Data segment
^^^^^^^^

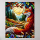 Este design vibrante replica a aparência do vidro manchado e apresenta uma belíssima raposa vermelha caminhando entre as flores.
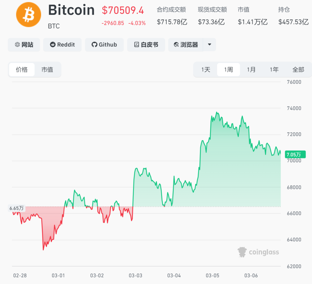 2月28日,中东局势恶化的消息发酵,比特币于盘中大幅下挫,接连跌破65000美元、64000美元两道关口;短短数日后,3月5日,比特币价格又强势反弹,一度接近74000美元。CoinGlass数据显示,以该周的最高最低点计算,比特币的振幅高达10477美元。
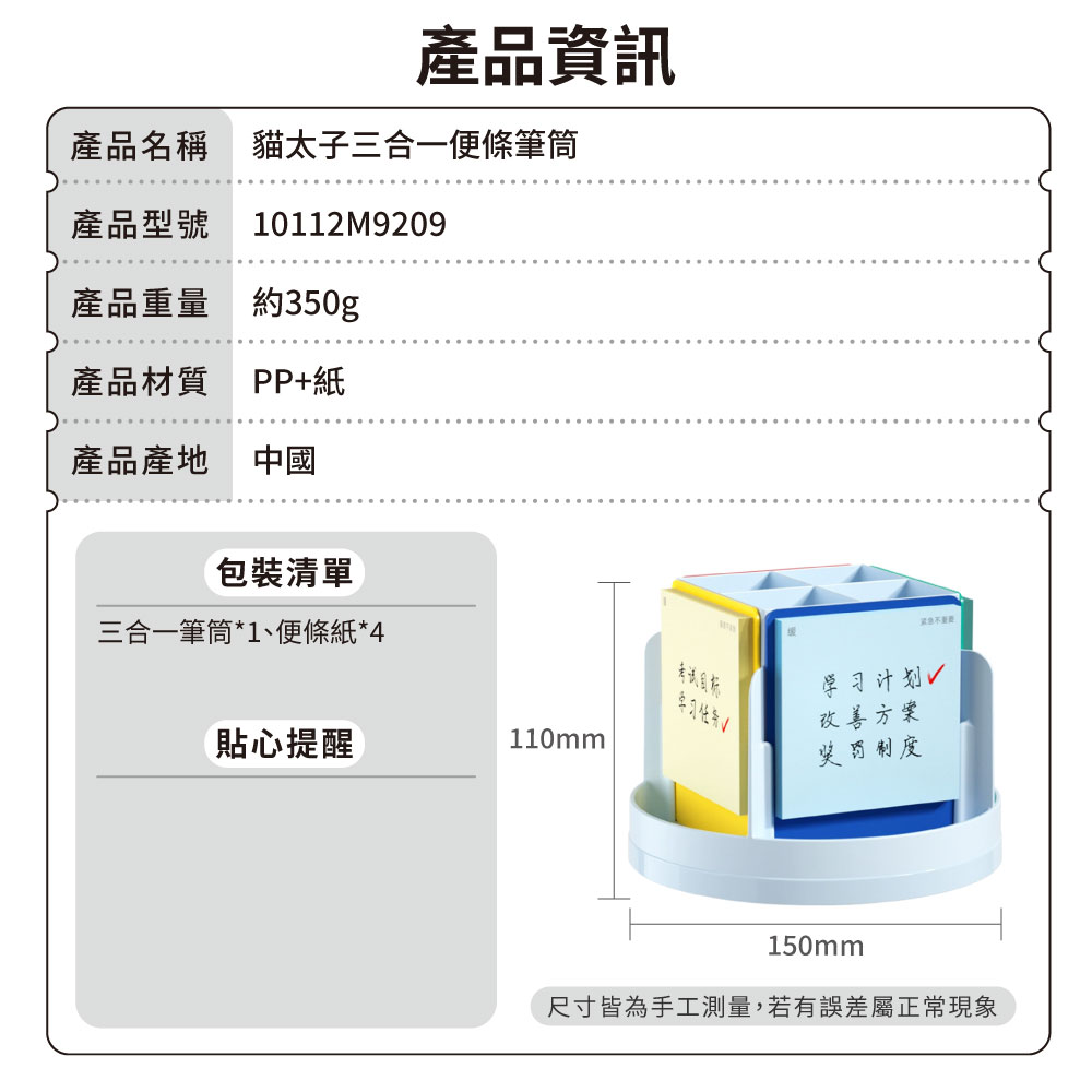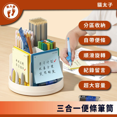 『來人客』 貓太子 三合一便條筆筒 三合一筆筒 便條筆筒 360度旋轉筆筒 文具收納盒 分隔收納筆筒 旋轉筆筒

^^^^^^^^

Goal of the exercise
What is needed is every line from the one with "2月28日,中东局势恶化的消" to the final line of the listing above, set down exactly and with the pictures left out.

Result of this task
 2月28日,中东局势恶化的消息发酵,比特币于盘中大幅下挫,接连跌破65000美元、64000美元两道关口;短短数日后,3月5日,比特币价格又强势反弹,一度接近74000美元。CoinGlass数据显示,以该周的最高最低点计算,比特币的振幅高达10477美元。
 『來人客』 貓太子 三合一便條筆筒 三合一筆筒 便條筆筒 360度旋轉筆筒 文具收納盒 分隔收納筆筒 旋轉筆筒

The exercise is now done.